ASSIGNED TASK
Transcribe the listing that follows in full, omitting pictures.

DATASET
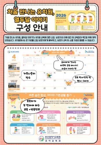 [파이낸셜경제=박영진 기자] 부산광역시교육청은 2026학년도 유치원 입학을 앞둔 학부모들의 불안감을 해소하고 유치원 교육에 대한 이해를 돕기 위해 ‘처음 만나는 유치원, 열두 달 이야기’자료 12,500부를 제작해 유치원별로 배포한다고 24일 밝혔다.
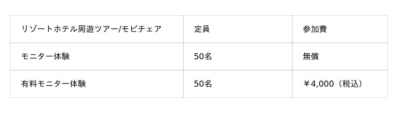 現在、ツアーの本格導入に向けた無料・有料の 体験モニター(合計100名)を募集中です。
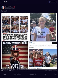 トランプ対ハリスでも深まる懸念、ネットにあふれるフェイク・コンテンツから選挙を守るには……? ジョージア州で遊説するハリス候補(写真:UPI/アフロ) (画像1/2) 「True Social」で共有されたテイラー・スウィフト氏の偽画像(https://truthsocial.com/@realDonaldTrump/posts/112984762512136574) (画像2/2) トランプ対ハリスでも深まる懸念、ネットにあふれるフェイク・コンテンツから選挙を守るには……? この写真の記事を読む
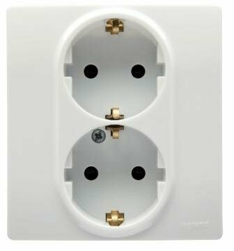 Legrand Розетка 2-м СП Etika винт. клеммы в сборе с заземл. бел. Leg 672223 1066912
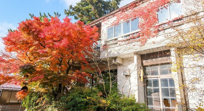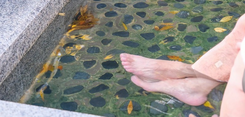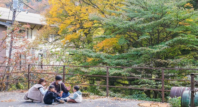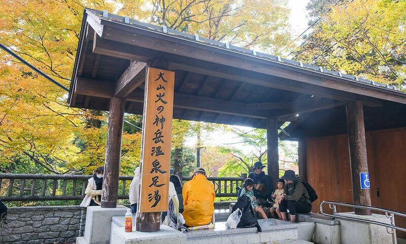 吃栗子燒最佳地點,就是一旁的「大山火之神岳足湯」,一邊吃栗子燒,一邊泡足湯,抬頭就是隱隱約約、閃動的紅葉,有什麼比這更幸福的嗎?
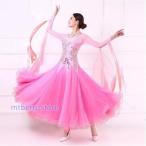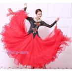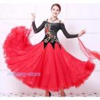 高品質 社交ダンス ドレス 社交ダンス衣装 長袖 初心者 練習着 広がる裾 発表会用 ワンピース パーティー スタンダード レッスン着 発表会 競技着 演出用 開場
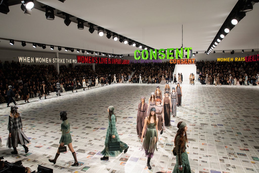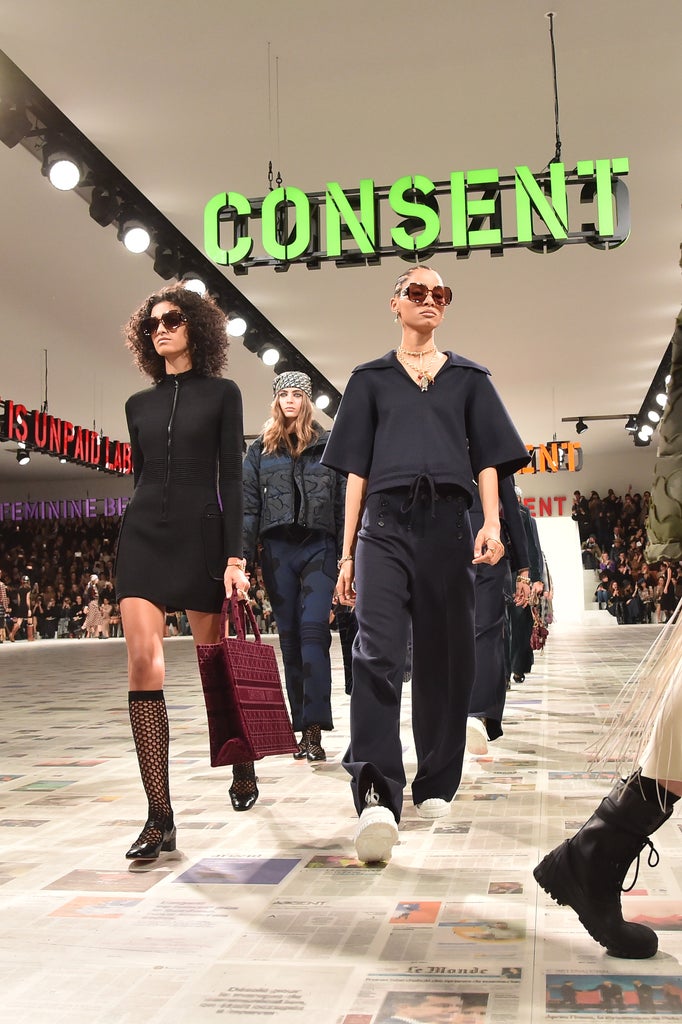 It remains to be seen whether the connection between Dior’s styling and feminist messaging will become more than just slogans. Can a luxury brand ever be truly feminist? I’m not sure. By definition, luxury is inaccessible, a fact that makes it inherently at odds with feminism’s core value of equality for all people, full stop. And then there’s the fact that despite the clear climate change reference, there was no information about the brand’s plan to become more sustainable. If the show’s point was to call out patriarchy, its choice to exclusively cast young, thin, normatively beautiful models was a tacit endorsement of the patriarchy’s oppressive ideas of what ideal women should be. Promoting consent is better than not doing so, but what would be even better is if the women modeling the clothes — who, we have to assume, are supposed to embody the messages that hung above them — were of different ages and body types. Surely plus-sized women and older women deserve consent and clitoral orgasms, too.
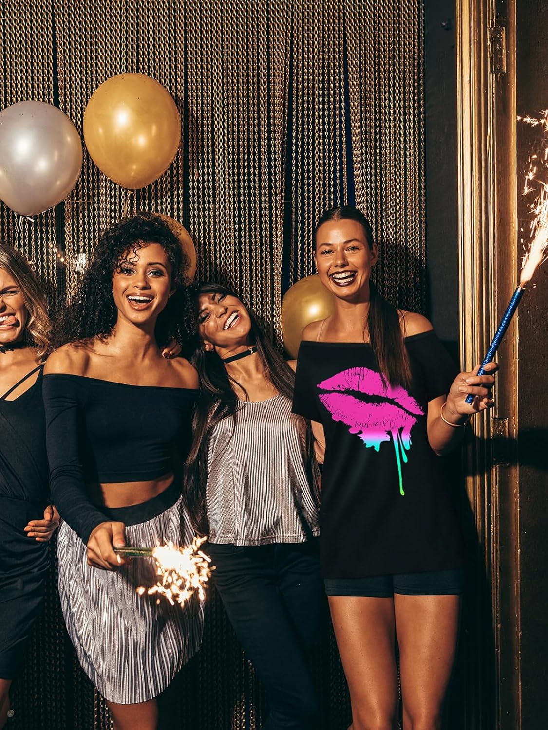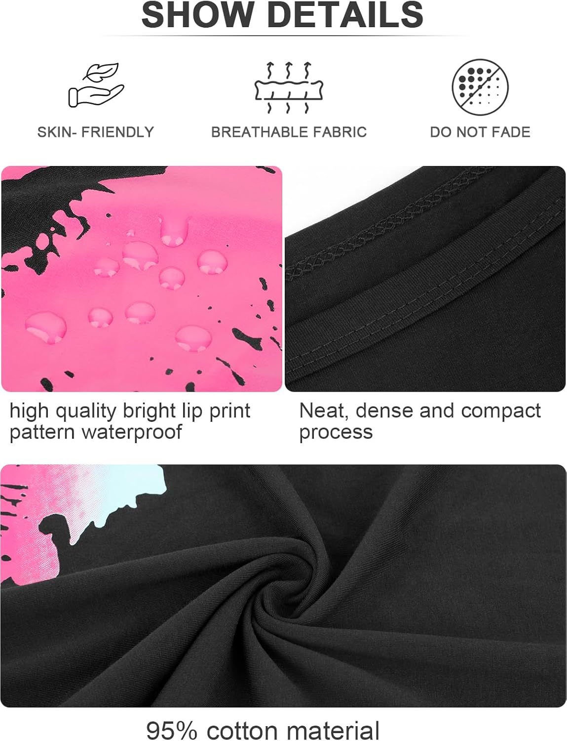 【High quality material】 -- 80s outfit for women have Featuring a relaxed, slouchy fit and high stretch material,The lip print is brightly colored and waterproof, the black fabric is 95% cotton, which does not fade after washing.

COMPLETED TASK
 [파이낸셜경제=박영진 기자] 부산광역시교육청은 2026학년도 유치원 입학을 앞둔 학부모들의 불안감을 해소하고 유치원 교육에 대한 이해를 돕기 위해 ‘처음 만나는 유치원, 열두 달 이야기’자료 12,500부를 제작해 유치원별로 배포한다고 24일 밝혔다.
 現在、ツアーの本格導入に向けた無料・有料の 体験モニター(合計100名)を募集中です。
 トランプ対ハリスでも深まる懸念、ネットにあふれるフェイク・コンテンツから選挙を守るには……? ジョージア州で遊説するハリス候補(写真:UPI/アフロ) (画像1/2) 「True Social」で共有されたテイラー・スウィフト氏の偽画像(https://truthsocial.com/@realDonaldTrump/posts/112984762512136574) (画像2/2) トランプ対ハリスでも深まる懸念、ネットにあふれるフェイク・コンテンツから選挙を守るには……? この写真の記事を読む
 Legrand Розетка 2-м СП Etika винт. клеммы в сборе с заземл. бел. Leg 672223 1066912
 吃栗子燒最佳地點,就是一旁的「大山火之神岳足湯」,一邊吃栗子燒,一邊泡足湯,抬頭就是隱隱約約、閃動的紅葉,有什麼比這更幸福的嗎?
 高品質 社交ダンス ドレス 社交ダンス衣装 長袖 初心者 練習着 広がる裾 発表会用 ワンピース パーティー スタンダード レッスン着 発表会 競技着 演出用 開場
 It remains to be seen whether the connection between Dior’s styling and feminist messaging will become more than just slogans. Can a luxury brand ever be truly feminist? I’m not sure. By definition, luxury is inaccessible, a fact that makes it inherently at odds with feminism’s core value of equality for all people, full stop. And then there’s the fact that despite the clear climate change reference, there was no information about the brand’s plan to become more sustainable. If the show’s point was to call out patriarchy, its choice to exclusively cast young, thin, normatively beautiful models was a tacit endorsement of the patriarchy’s oppressive ideas of what ideal women should be. Promoting consent is better than not doing so, but what would be even better is if the women modeling the clothes — who, we have to assume, are supposed to embody the messages that hung above them — were of different ages and body types. Surely plus-sized women and older women deserve consent and clitoral orgasms, too.
 【High quality material】 -- 80s outfit for women have Featuring a relaxed, slouchy fit and high stretch material,The lip print is brightly colored and waterproof, the black fabric is 95% cotton, which does not fade after washing.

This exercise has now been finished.